Suppose $\Psi$ is a Dirac spinor, then let the transformation matrix $S$ be defined as usual: $\Psi'=S(\Lambda)\Psi$, where $\Lambda$ is the Lorentz transformation matrix.
Then the questions is: for two Lorentz transformations $\Lambda_1$ and $\Lambda_2$, do $S(\Lambda_1)$ and $S(\Lambda_2)$ obey $$S(\Lambda_1)S(\Lambda_2)=S(\Lambda_1\Lambda_2)$$ and $$S(\Lambda)S(\Lambda^{-1})=I~?$$
They form a complex projective representation in which
$$S(\Lambda_1)S(\Lambda_2)=c(\Lambda_1,\Lambda_2)S(\Lambda_1\Lambda_2)$$
where $c(\Lambda_1,\Lambda_2)$ is a number.
For an arbitrary group, the $c(\Lambda_1,\Lambda_2)$ for its complex projective representations will in general be complex numbers. But in the case of the Lorentz group, complex projective representations can always be chosen to have $c(\Lambda_1,\Lambda_2)=\pm 1$.

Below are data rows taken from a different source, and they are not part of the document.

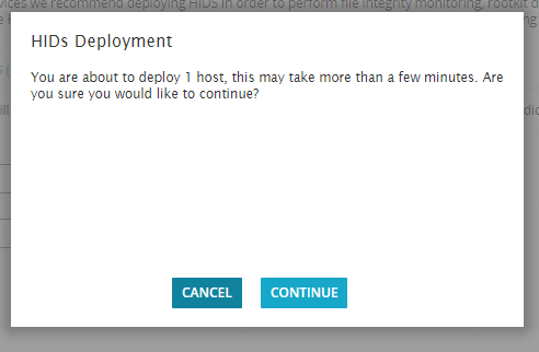 Выберите нужный хост из списка и нажмите кнопку Deploy для развертывания HIDS. Далее нажмите кнопку «Continue», чтобы начать процесс развертывания, который показан на рисунке. Этот процесс займет несколько минут для развертывания HIDS на выбранном хосте.
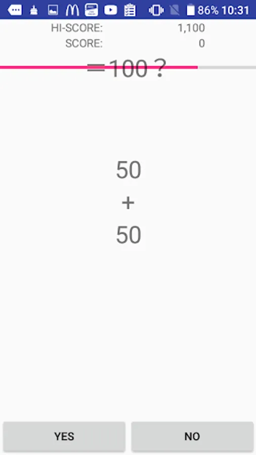 The YES If the addition of the result is 100, tap the 100 unless NO!
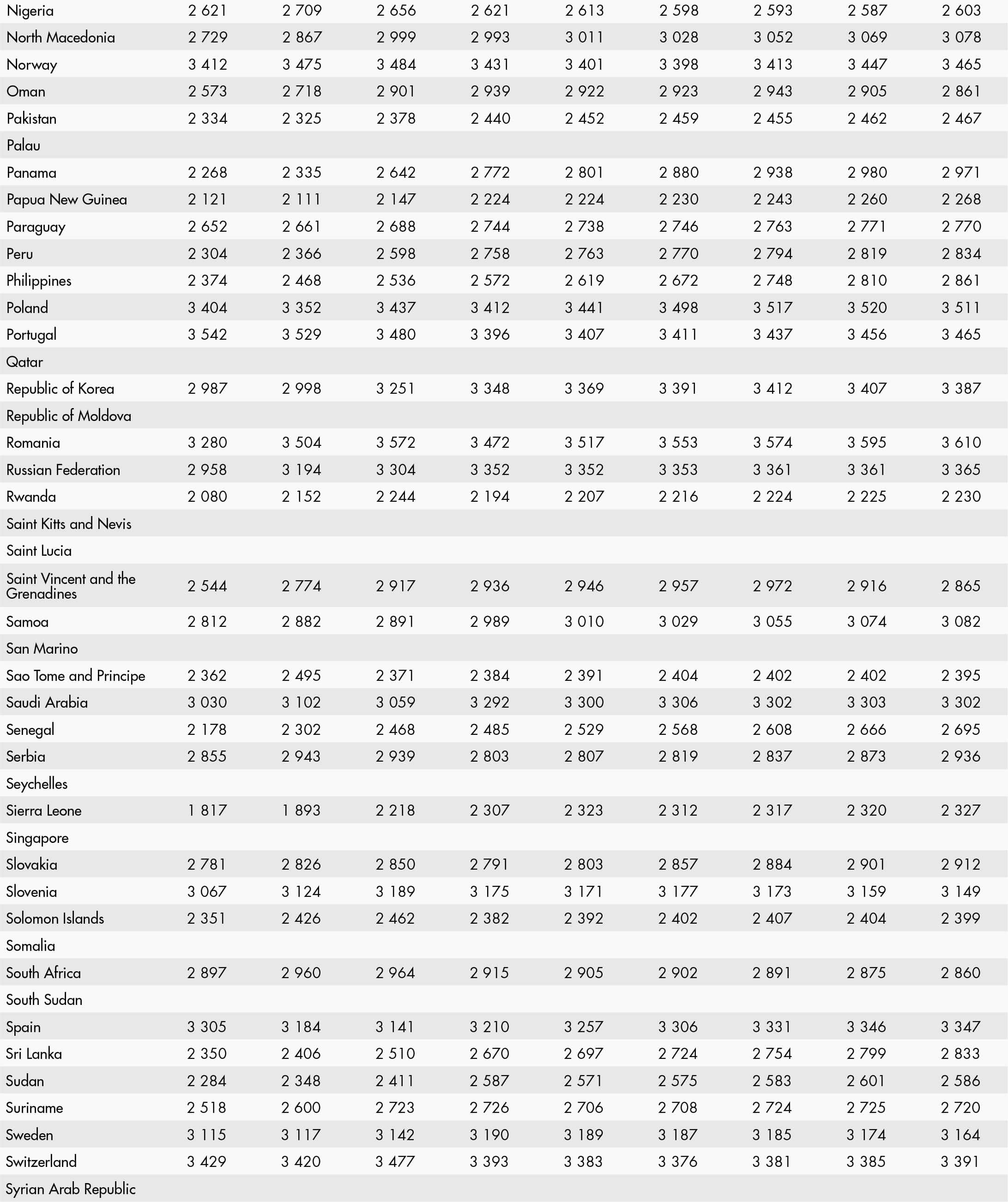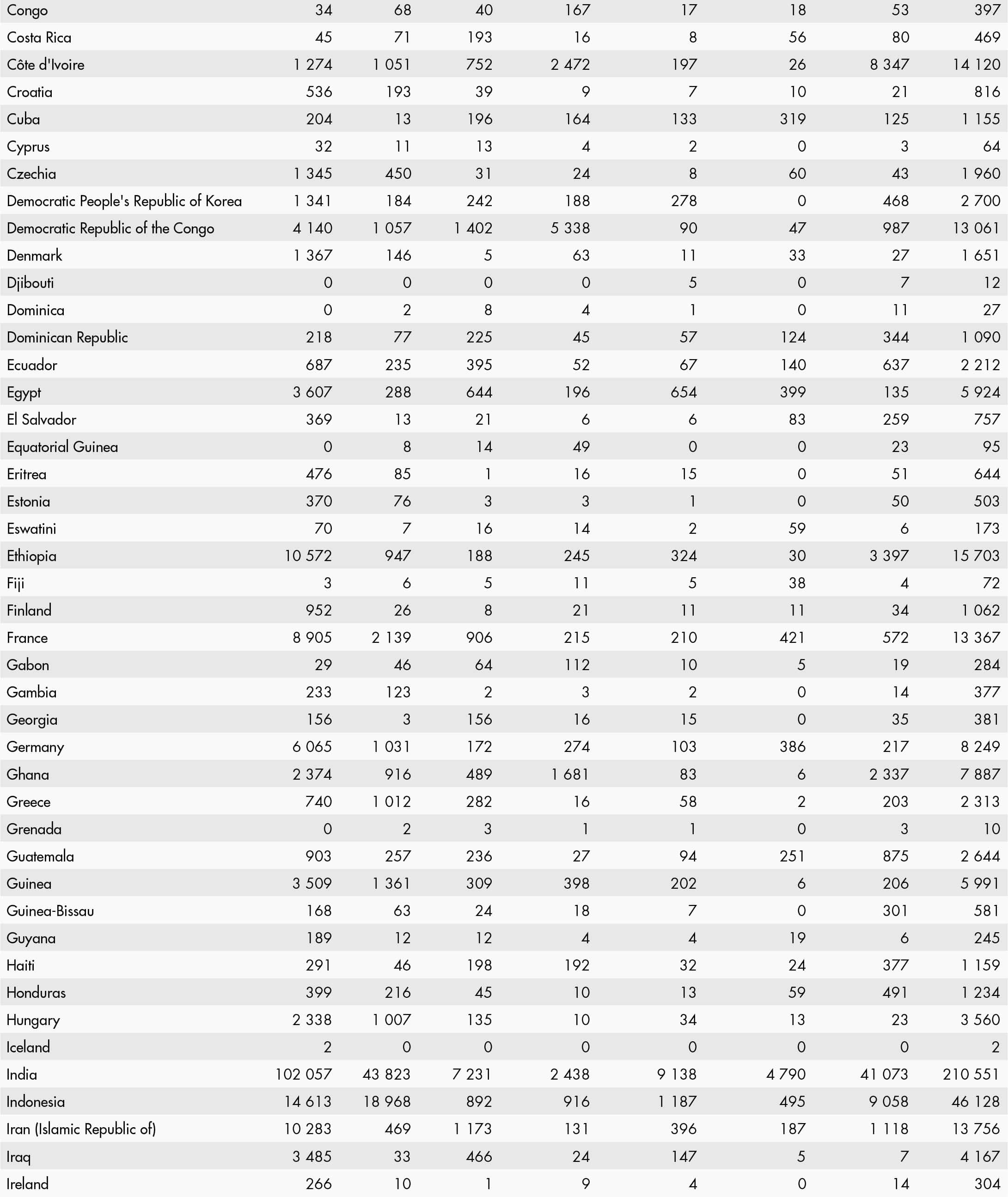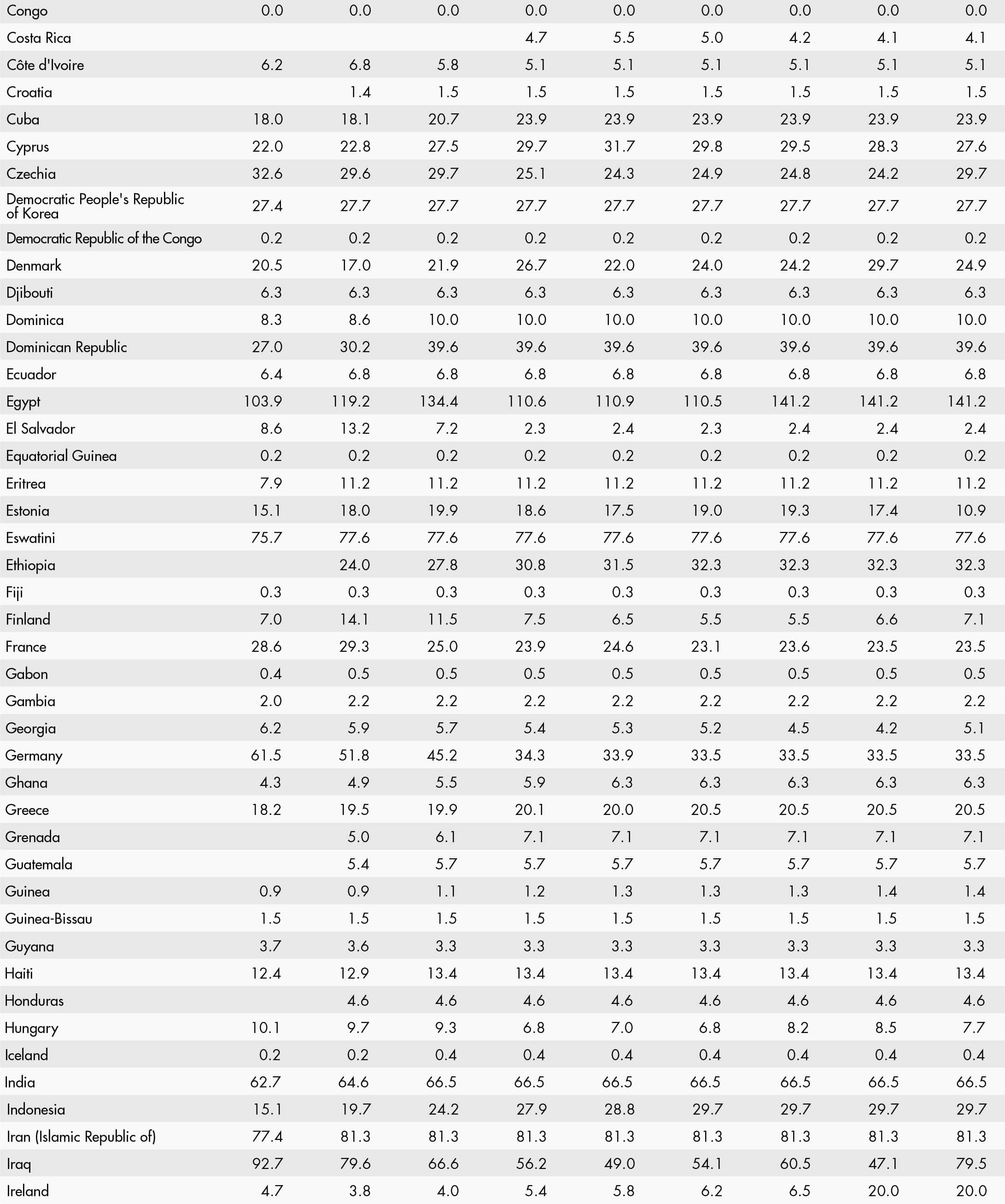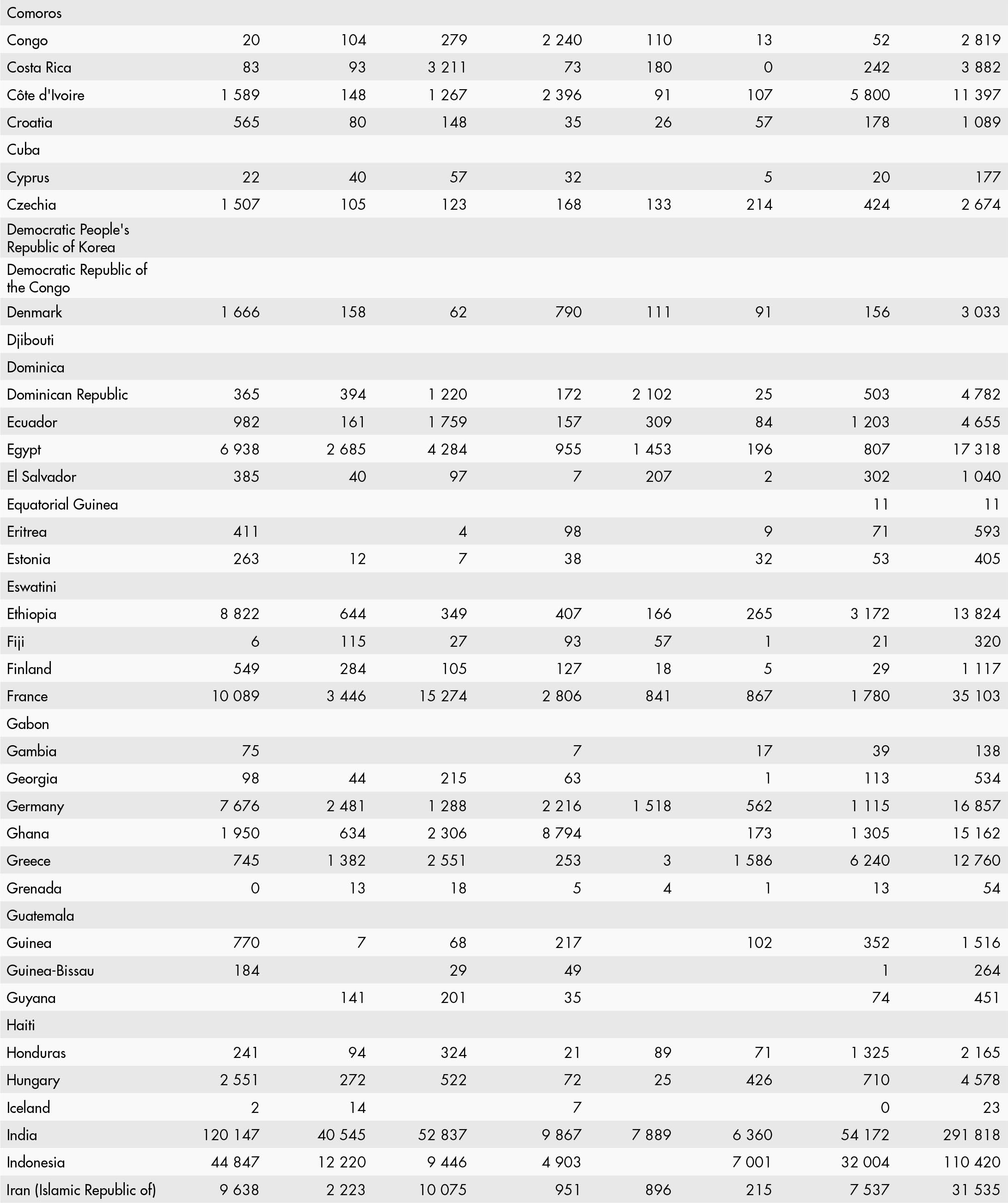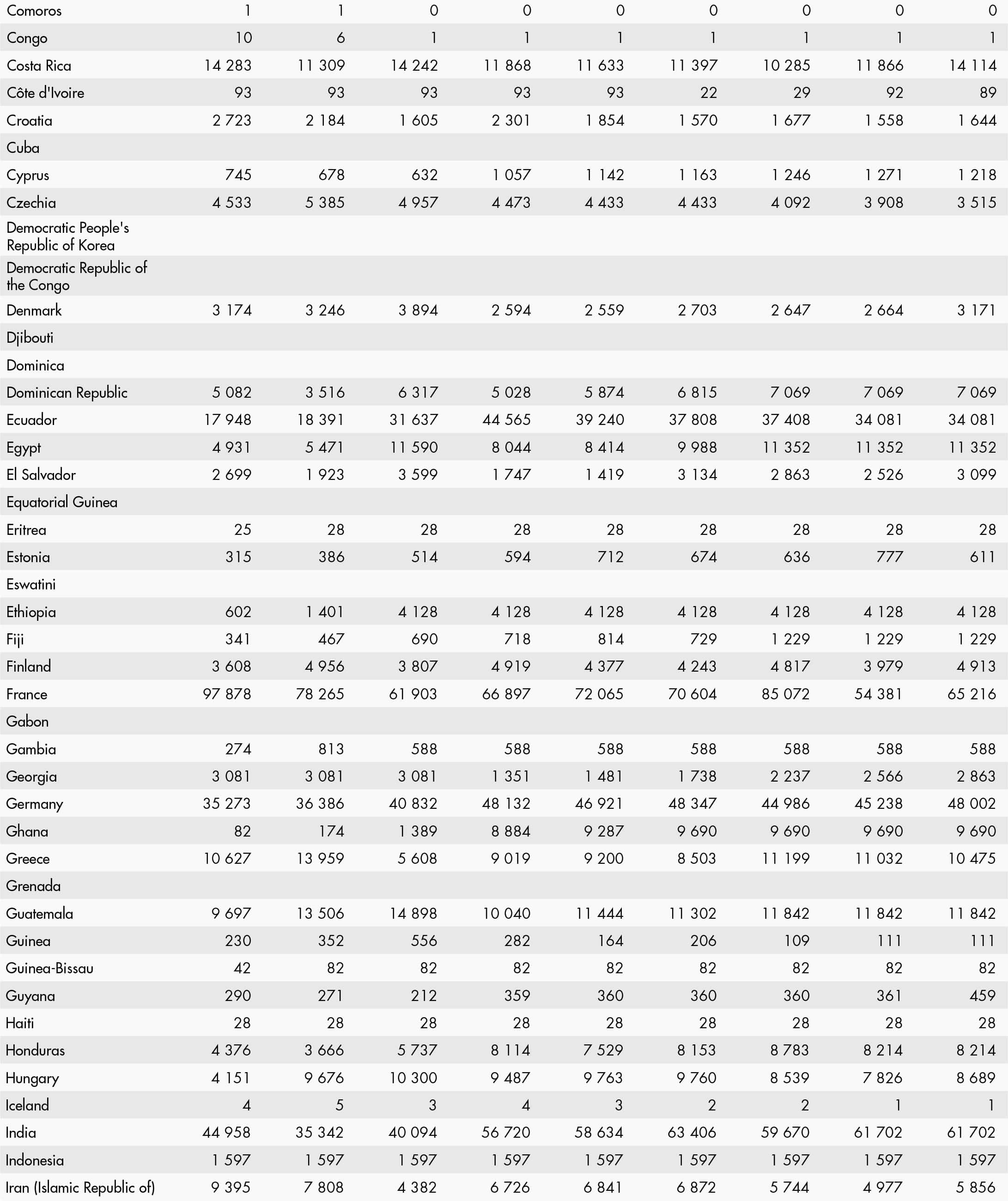 The country classification adopted in this publication is based on the United Nations M49 classification (https://unstats.un.org/unsd/methodology/m49/). The country names have been abbreviated in the data tables and figures. The official Food and Agriculture Organization of the United Nations (FAO) names can be found at http://www.fao.org/nocs/en.

See the Wikipedia articles on Projective Hilbert space and Wigner’s Theorem to begin to understand why projective representations (and not just ordinary representations) are relevant in quantum mechanics.
In some cases the projective representations of a group are equivalent to the ordinary representations of its universal covering group. For more about this, see this question.
No. For example, if $Λ$ is a 180-degree spatial rotation, then $S(Λ)^2 = -I \ne I = S(Λ^2)$.